╭─ Information supplied

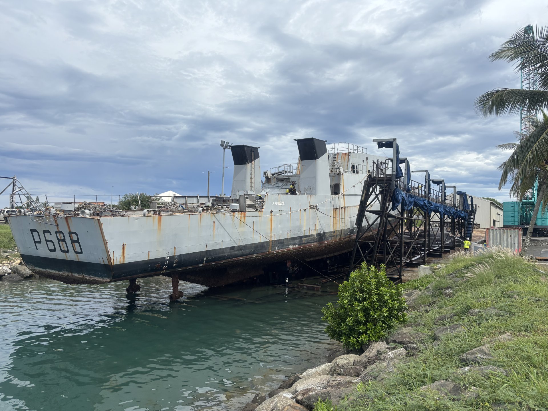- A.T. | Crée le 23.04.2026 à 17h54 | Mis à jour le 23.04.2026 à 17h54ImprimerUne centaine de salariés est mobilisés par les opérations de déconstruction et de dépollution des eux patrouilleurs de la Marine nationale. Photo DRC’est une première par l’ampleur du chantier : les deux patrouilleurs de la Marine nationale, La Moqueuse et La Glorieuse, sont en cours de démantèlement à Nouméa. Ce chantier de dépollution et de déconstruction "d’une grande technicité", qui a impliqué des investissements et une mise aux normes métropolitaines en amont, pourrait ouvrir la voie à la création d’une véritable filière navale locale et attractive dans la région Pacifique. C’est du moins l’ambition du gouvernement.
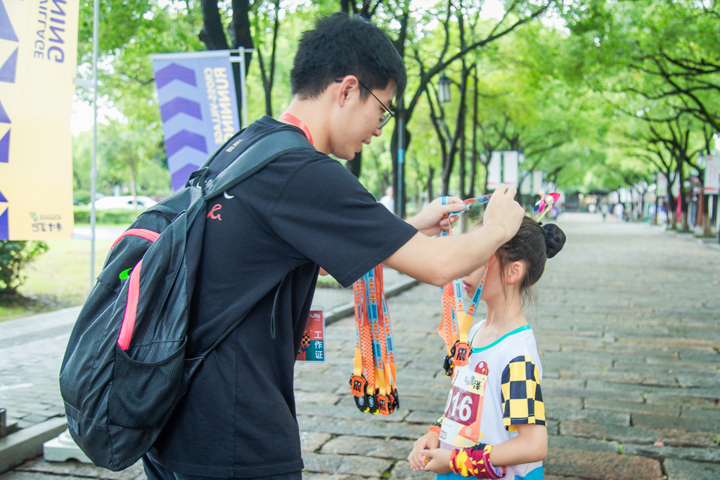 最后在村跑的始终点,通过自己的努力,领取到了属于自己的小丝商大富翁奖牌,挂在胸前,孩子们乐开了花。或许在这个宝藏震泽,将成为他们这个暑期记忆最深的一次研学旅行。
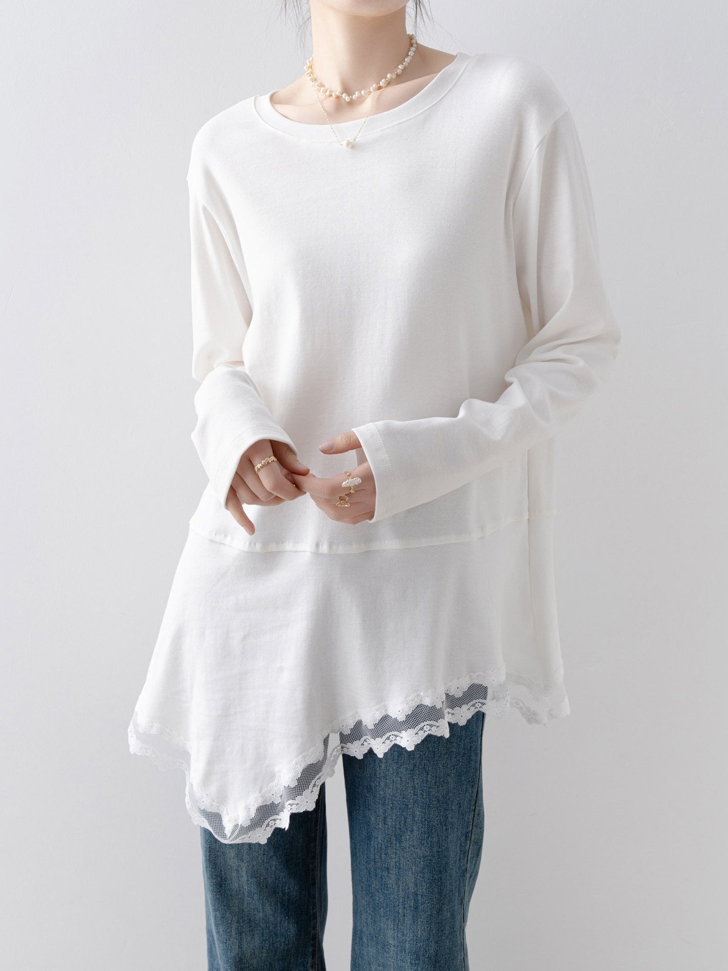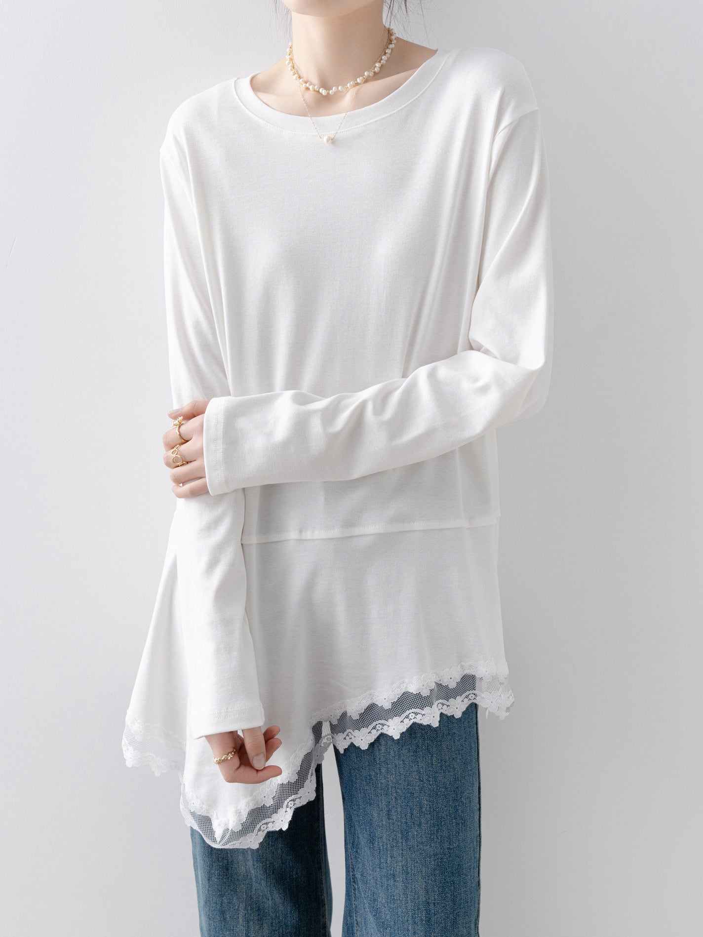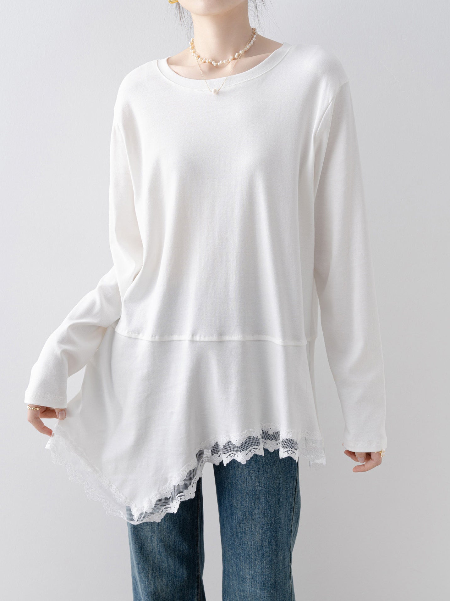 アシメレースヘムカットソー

╰─

What to produce
Only the lines from the one containing "最后在村跑的始终点,通过自己" through the last line of the data belong in the copy, both included and reproduced exactly. Pictures do not.

Problem solution
 最后在村跑的始终点,通过自己的努力,领取到了属于自己的小丝商大富翁奖牌,挂在胸前,孩子们乐开了花。或许在这个宝藏震泽,将成为他们这个暑期记忆最深的一次研学旅行。
 アシメレースヘムカットソー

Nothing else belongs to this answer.